Two weeks later, I came back from a trip to see Justin's photos hung on a wall. The day-vs-night shots did have a positive-vs-negative quality about them, and good-vs-evil. They made you think. And that, after all, was the objective. The better man won.
Honorable Mention
Thinking back on the effort, I remember being disappointed that I never really got the full moon shot that I wanted. In fact, the best shot I had was several days after the "new moon" that month, something called the "waxing gibbous" phase. In retrospect, the name dictated how my submission came to be.
I was on a trip when I heard that someone from the company left a case of wine and a large congratulatory card on Justin's desk. They also left a bottle of wine and a smaller card on mine. The next day I heard Justin shared his wine with everyone in the flight department, even adding a bottle of wine to mine. "Read the card," I asked over the phone.
"They gave you honorable mention for your photo."
"I got honorable mention for being dishonorable," I said.
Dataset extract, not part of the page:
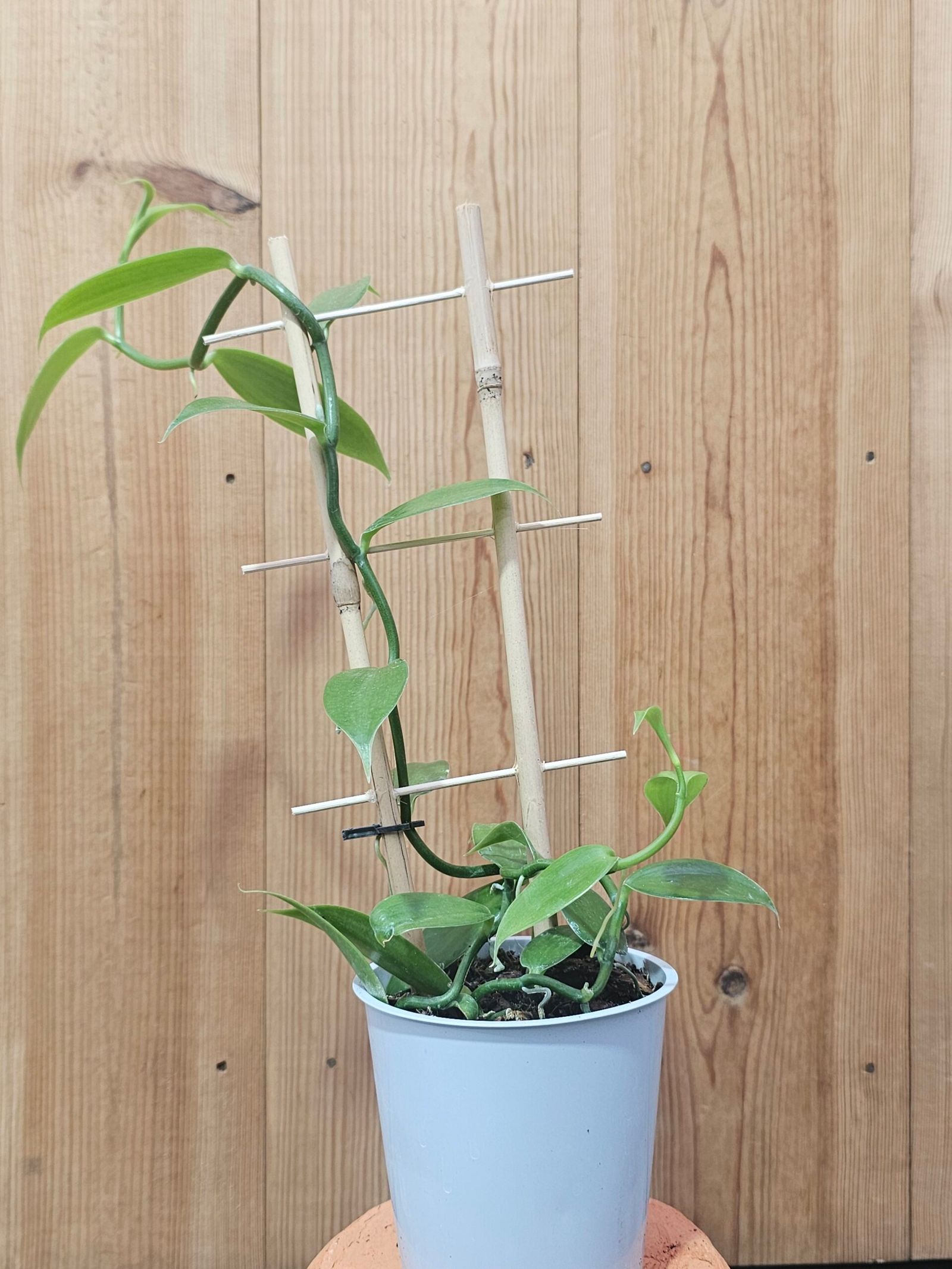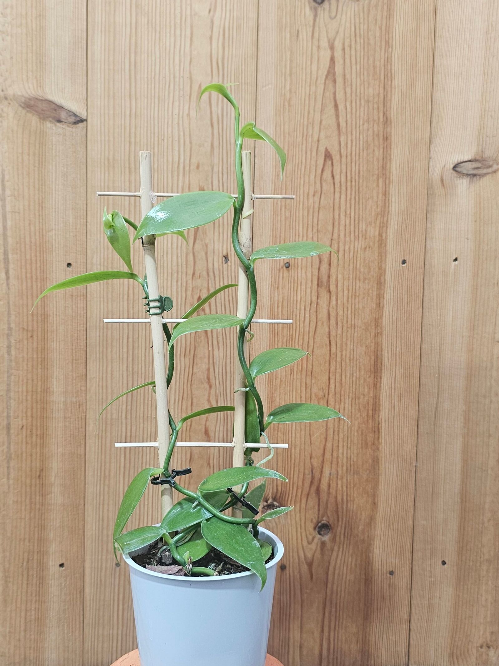Crescimento em Trepadeira: 🪜 Diferente da maioria das orquídeas, a Vanilla é uma liana (trepadeira) que pode atingir muitos metros de comprimento. Portanto, ela utiliza as suas raízes aéreas para se agarrar a suportes ou troncos de árvores, criando um efeito visual de selva tropical.

To be honest, I like how all this turned out. I like Justin's photos, which are now hanging in our office. Every time I see them I think of this lesson. (My photo is sitting at home.) The technology we pilots take for granted these days would be seen as cheating forty years ago when I started flying. But that's what we professional pilots are called upon to do: take advantage of all available technology to increase the likelihood of a successful outcome.